What makes the process so inefficient?

  • You had to source the data yourself and operationalize it (i.e., get it into a usable format)
  • You had to navigate the complexity of the data, which can be exceptionally time-consuming (depending on the source, resolution and other variables)
  • You realized your portfolio data was out of date (this is a big problem because how can you determine actual financial impact against outdated information?)
  • You had to manually run a financial model after determining the exposures that could be affected by the event
  • And, of course, you had to manually pull the information together into a report for stakeholders

So what can you do?

Application programming interface (API) integrations help to solve these challenges by ensuring you always have the latest hazard data and portfolio snapshot available. If you invest just a few hours to get your data configured with a data import API like SpatialKey offers, you’ll always have the latest view of your exposures ready to analyze—without ever lifting a finger. You’ll save countless hours by investing just a few up front. This also enables quicker and more accurate analyses downstream because you won’t be over- or understating your exposures (not to mention making errors by scrambling at the last minute to get a refreshed snapshot).

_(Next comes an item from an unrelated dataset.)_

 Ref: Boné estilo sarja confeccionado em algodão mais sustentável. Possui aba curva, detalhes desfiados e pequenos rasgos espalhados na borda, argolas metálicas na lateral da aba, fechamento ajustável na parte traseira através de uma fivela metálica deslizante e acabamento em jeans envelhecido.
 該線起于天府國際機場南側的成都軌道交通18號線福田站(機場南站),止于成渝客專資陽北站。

Imagine another hurricane strikes…but this time you’re set with automation

Those couple hours that it took to get your portfolio data integrated and automation in place with a solution like SpatialKey are paying off (no deep breaths required).

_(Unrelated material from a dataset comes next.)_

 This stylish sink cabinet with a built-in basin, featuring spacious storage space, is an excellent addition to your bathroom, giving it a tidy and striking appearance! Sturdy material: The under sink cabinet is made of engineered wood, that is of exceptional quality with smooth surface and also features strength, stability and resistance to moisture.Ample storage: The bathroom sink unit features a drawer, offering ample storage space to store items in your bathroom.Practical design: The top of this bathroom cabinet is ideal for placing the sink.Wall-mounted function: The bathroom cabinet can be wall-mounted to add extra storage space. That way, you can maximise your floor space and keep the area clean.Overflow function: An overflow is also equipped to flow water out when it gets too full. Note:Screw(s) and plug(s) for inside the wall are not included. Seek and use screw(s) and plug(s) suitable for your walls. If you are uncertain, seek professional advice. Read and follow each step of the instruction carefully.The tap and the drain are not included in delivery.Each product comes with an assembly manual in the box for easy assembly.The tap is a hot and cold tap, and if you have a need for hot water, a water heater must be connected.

Within moments of NOAA publishing an update, you receive an email notifying you of the financial and insured impact. With the click of a button, you’re in a live dashboard, investigating the event, your affected exposures and more.

You still have to get those numbers to management, but this time you can breathe easy knowing that your numbers are not only accurate, but that the whole process took a fraction of the time. Now when NOAA (or any other public or private data provider) pushes the next update, you’ll be set with a highly scalable infrastructure that enriches your data, calculates financial impact and produces a report within minutes.

Why was this process much more efficient?

  • Because you invested a couple hours up front to integrate API technology, your exposure data was up to date
  • You had access to pre-processed, ready-to-use hazard footprints as they became available
  • The event was monitored 24/7 so you didn’t have to constantly track it and pull reports to understand what changed
  • Custom filters and thresholds ensured you were never inundated with notifications and only received metrics that you care about
  • You saved a bundle of time because a financial report was auto-generated for you to pass along to upper management
  • You were able to quickly share reports across teams so claims could get a head start on their customer outreach

Now, you’ll never be a bottleneck in the process of understanding and communicating the impact of an event to your stakeholders. And, with all the time you’ve saved, you can use advanced analytics solutions to contextualize the event and dive deeper into investigating it some more.

Tick tock: It’s time to make your event response run like clockwork

It’s clear there’s a better way to tackle the growing challenge of deriving insight from data and quickly understanding the impact of an event. If you lack the ability to operationalize and extract insight from time-critical data, you’re operating in status quo when your management team and customers expect to know more about an event, and sooner.

Fortunately, automation doesn’t have to be a time-consuming or costly endeavor. There are simple ways to automate your manual processes, such as API integrations, that save time and steps along the way. “Automation” can carry with it preconceptions of disruption and heavy investment, but this is not true of a data enrichment and geospatial analytics solution like SpatialKey. Automating your event response operations can improve your customer retention and drive efficiencies now—not years from now.